In biological microscopy, there has always been a continued drive towards increasing imaging resolution for relevant samples. In many cases, this drive translates to designing better optical systems to optimize for aberrations and resolution to achieve diffraction-limited performance. However, in cases where optical design has capped off and better resolution is still required, this drive leads to a need to extend the imaging resolution beyond the system's diffraction limit. Such a need has driven the development of many unique sub-diffraction imaging techniques that have made large impacts for microscopy.
These set of techniques can largely be divided into two classes. The first class of techniques is targeted towards situations where the sample is coherently illuminated and diffracts into the imaging system's aperture. In such cases, the general strategy to obtain sub-diffraction resolution makes use of the fact that imaging resolution is simply one of a few degrees of freedom that describe the imaging system. Though the total number of degrees of freedom is invariant, one can sacrifice the less relevant ones, such as temporal, polarization, or field-of-view constraints, to improve the final image resolution to beyond the conventional diffraction limit.
The second class of sub-diffraction resolution imaging techniques is a more recent development that has found great impact in biological fluorescence imaging. By appropriately utilizing properties of fluorophores, one can visualize a fluorescent sample at “super” resolutions beyond the diffraction limit. This class of “super-resolution” techniques is further subdivided into two main categories.
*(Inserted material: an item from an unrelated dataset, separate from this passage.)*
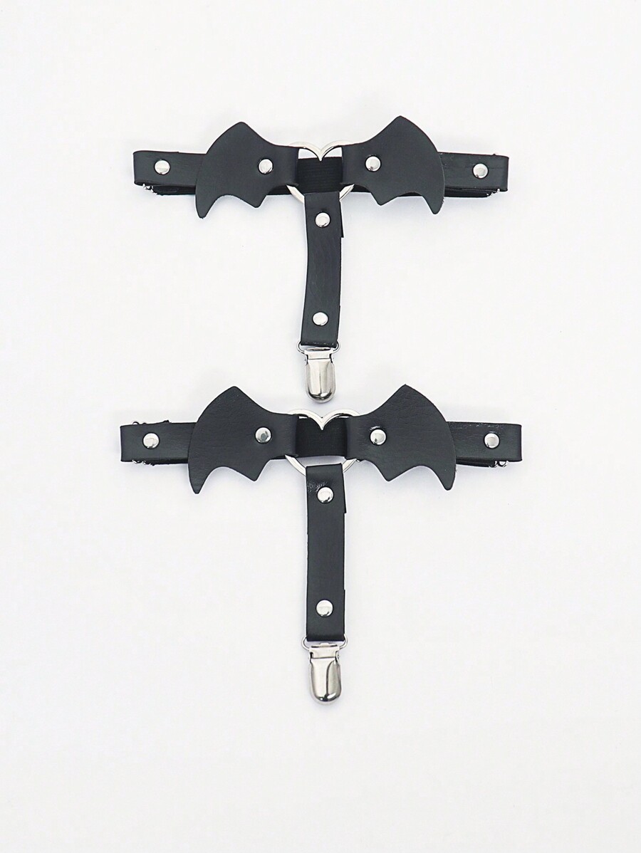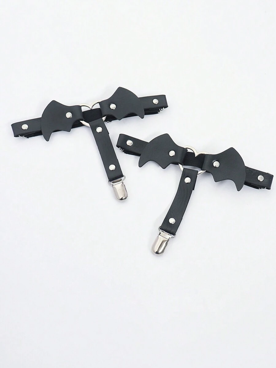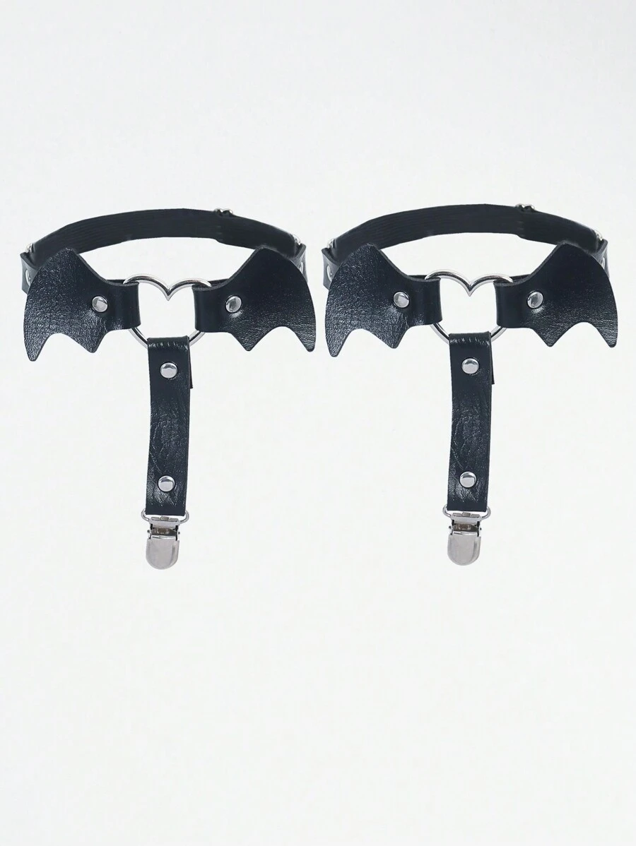 Grunge Punk 2 Stücke Schwarze Herz Verbundene Schnalle Design Modische Sockenhalter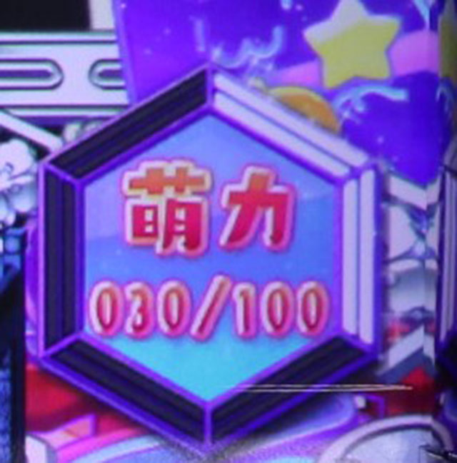 AT中は萌力ポイント表示箇所の周りが"にゃんにゃんカウンタ"になっており、SIN成立時に点灯抽選が行われる(上の写真は2個点灯中)。そして、全点灯した場合は上乗せ特化ゾーン「にゃんにゃんちゃーじ」突入抽選が行われ、数ゲームの前兆を経由してから当否が告知される。

The first main category is based on single molecule localization, where individual fluorescent emitters are localized at sub-diffraction resolution for each raw acquisition, and then aggregated into one final super-resolved image. Examples of such techniques include photoactivated localization microscopy (PALM) and stochastic optical reconstruction microscopy (STORM). The second category of super-resolution techniques uses spatially modulated excitation to narrow the effective imaging point-spread-function. Either this is done directly, as in stimulated emission depletion (STED) and ground-state depletion (GSD), or indirectly after post-processing, as in structured illumination microscopy (SIM). Out of these super-resolution techniques, SIM holds the unique advantage of potential extensions to non-fluorescent samples, and has shown exciting potential for such cases.
One difficulty with super-resolution techniques is that such techniques require fluorescent samples, and thus are ill suited for samples that are either not fluorescent or cannot be easily fluorescently tagged. To this end, synthetic aperture techniques allow sub-diffraction resolution imaging of non-fluorescent, diffractive samples by acquiring multiple electric-field maps of the sample taken at different illumination angles. Different regions of the sample's spatial frequency spectrum are covered by each illumination angle, and taken together, an effective optical passband larger than the system's physical one can be synthesized.
In view of the foregoing, there is a need for improved microscopy systems and techniques that extend the typical super-resolution concepts towards application in non-fluorescent imaging.